The training covered much of what he had been missing. He had hands-on training in cardiopulmonary resuscitation (CPR) and basic life support, in emergency tracheostomy, in the management of poisoning, and in infection prevention and control. He studied Korea’s structured triage and acuity system, a disciplined method of deciding who is seen first; turning a crowded waiting room into an orderly one. He learned modern resuscitation technique and hyperbaric oxygen management, and, away from the bedside, he picked up strategic planning, proposal writing, ICT and facility management skills.

What stayed with him, though, was not only the techniques. It was the working culture around them.

“What impressed me most were the work ethics, the timeliness during care, the way assessment equipment was always within close reach, and the attitude towards the patient.”- Zikusoka Fredrick, Senior Clinical Officer

In Korea, he learned that during an emergency, a health worker did not have the time or liberty to start hunting for a tool or a plan; but rather already have both. He resolved to bring the practice and attitude back home.

Bringing Korea home

Upon return home, he started with what had frustrated him most; the way patients moved through the department. Using what he had learned, he helped rebuild the triage system at the Out-Patient Department so that the most badly off patients would be identified and seen first, instead of waiting for their turn in a single line. Waiting times came down. The route from the front door to the right clinician became shorter and clearer. Working with his colleagues, he raised the hospital’s emergency care to a standard it had not reached before.

Fredrick (in blue) guides colleagues through a hands-on emergency-skills manoeuvre at a regional Basic Emergency Care training
Fredrick (in blue) guides colleagues through a hands-on emergency-skills manoeuvre at a regional Basic Emergency Care training. The fellowship turned him from a learner of emergency care into one of the region’s lead trainers.

The skill that multiplies

Fredrick measures the fellowship less by what he can now do, and more by how many other people can do it because of him.

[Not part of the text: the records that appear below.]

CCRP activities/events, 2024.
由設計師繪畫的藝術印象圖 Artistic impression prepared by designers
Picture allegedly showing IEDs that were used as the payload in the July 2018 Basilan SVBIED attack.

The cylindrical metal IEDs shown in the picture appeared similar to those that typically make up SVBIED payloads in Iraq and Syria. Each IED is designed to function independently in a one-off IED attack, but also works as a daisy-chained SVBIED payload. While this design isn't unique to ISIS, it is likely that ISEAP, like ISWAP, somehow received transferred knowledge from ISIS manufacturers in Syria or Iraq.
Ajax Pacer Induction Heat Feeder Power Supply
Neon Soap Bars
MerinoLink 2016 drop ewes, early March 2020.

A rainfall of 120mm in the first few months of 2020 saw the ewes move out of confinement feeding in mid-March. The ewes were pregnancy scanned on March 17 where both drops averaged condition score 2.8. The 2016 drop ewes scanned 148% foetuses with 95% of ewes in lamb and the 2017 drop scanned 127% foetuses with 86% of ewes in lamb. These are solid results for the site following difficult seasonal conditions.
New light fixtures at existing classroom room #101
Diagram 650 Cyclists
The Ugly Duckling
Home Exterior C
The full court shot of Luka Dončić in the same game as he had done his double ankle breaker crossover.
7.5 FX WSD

He mentors fellow health workers in basic life support, basic emergency care and CPR. The training he once travelled across the world to get is now shared with colleagues across a region of over two million people, and in need of every trained pair of hands it can find.

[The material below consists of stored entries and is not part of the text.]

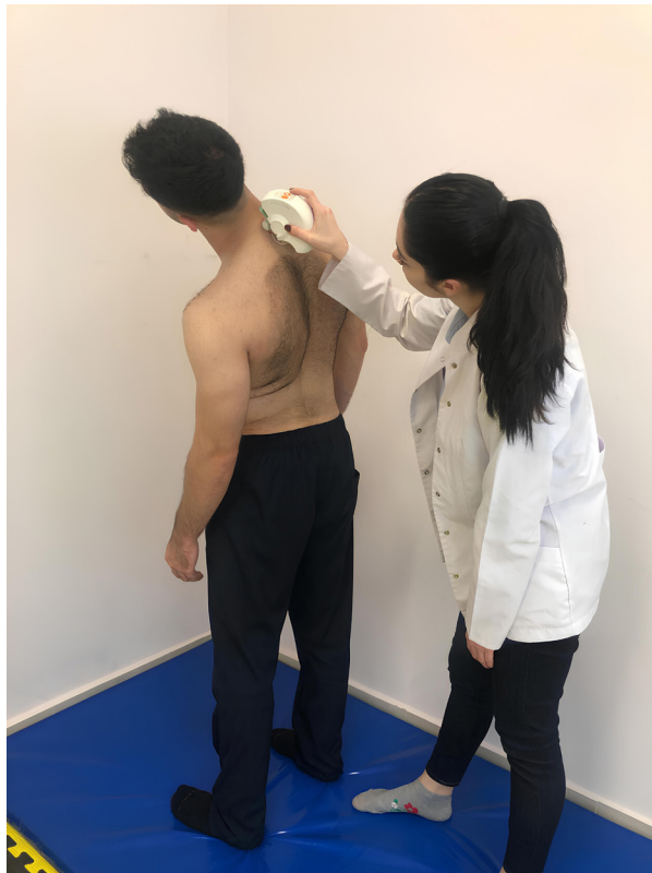
Figure 4. Maximum left lateral flexion position.
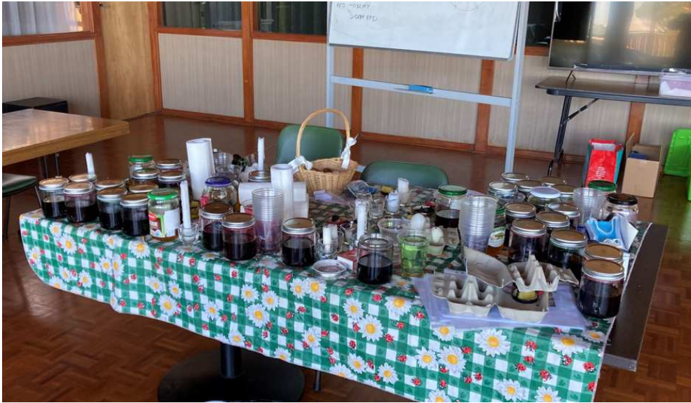
Leftovers from the egg decorating workshops
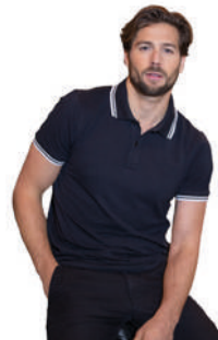
AMARAGO 38108 / 38109
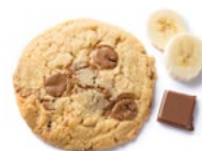
MILK CHOCOLATE & BANANA
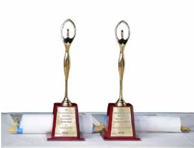
PATTON AWARD for the Best Indian Film KALPANIRJHAR AWARD for the Second Best Indian Film

He did not stop at the hospital walls. Fredrick took the message to the radio, joining talk shows to explain emergency medical services and the care the hospital can now offer. Patients who once would not have known where to go began arriving better informed, and often sooner, which in an emergency is usually what matters most.

Inside the hospital, the effect compounded. As more colleagues were trained, emergency response in the region of greater Masaka greatly improved. Thanks to what begun as one clinician’s fellowship.

“A remarkable experience”

Ask Fredrick what he would tell the people who made the fellowship possible, and the answer is part thanks, part request: send more.

“The program is well-structured and intentional, and more health workers need to undergo it. Provision of more equipment will help boost emergency-care services in the hospital.”- Zikusoka Fredrick, Senior Clinical Officer

His plainest words, though, are for the partners who opened the door:

“The Dr. Lee Jong-wook Fellowship is a remarkable experience that has enabled a big transformation in the health care at Masaka Regional Referral Hospital. Thanks to Wonju Christian Severance Hospital, of Yonsei University, for facilitating this.”- Zikusoka Fredrick, Senior Clinical Officer, Masaka Regional Referral Hospital

The Readiness that Spreads

Some of Fredrick’s results are easy to point to. A patient breathing normally who, minutes earlier, could not. A queue that finally moves in the right order. A junior clinician at a regional training, learning a skill from the man who first carried it back from Korea.

The Dr. Lee Jong-wook Fellowship gave Zikusoka Fredrick more than a set of techniques. It gave him the calm, the order and the confidence to meet an emergency already prepared, and the determination to make sure his colleagues are prepared too.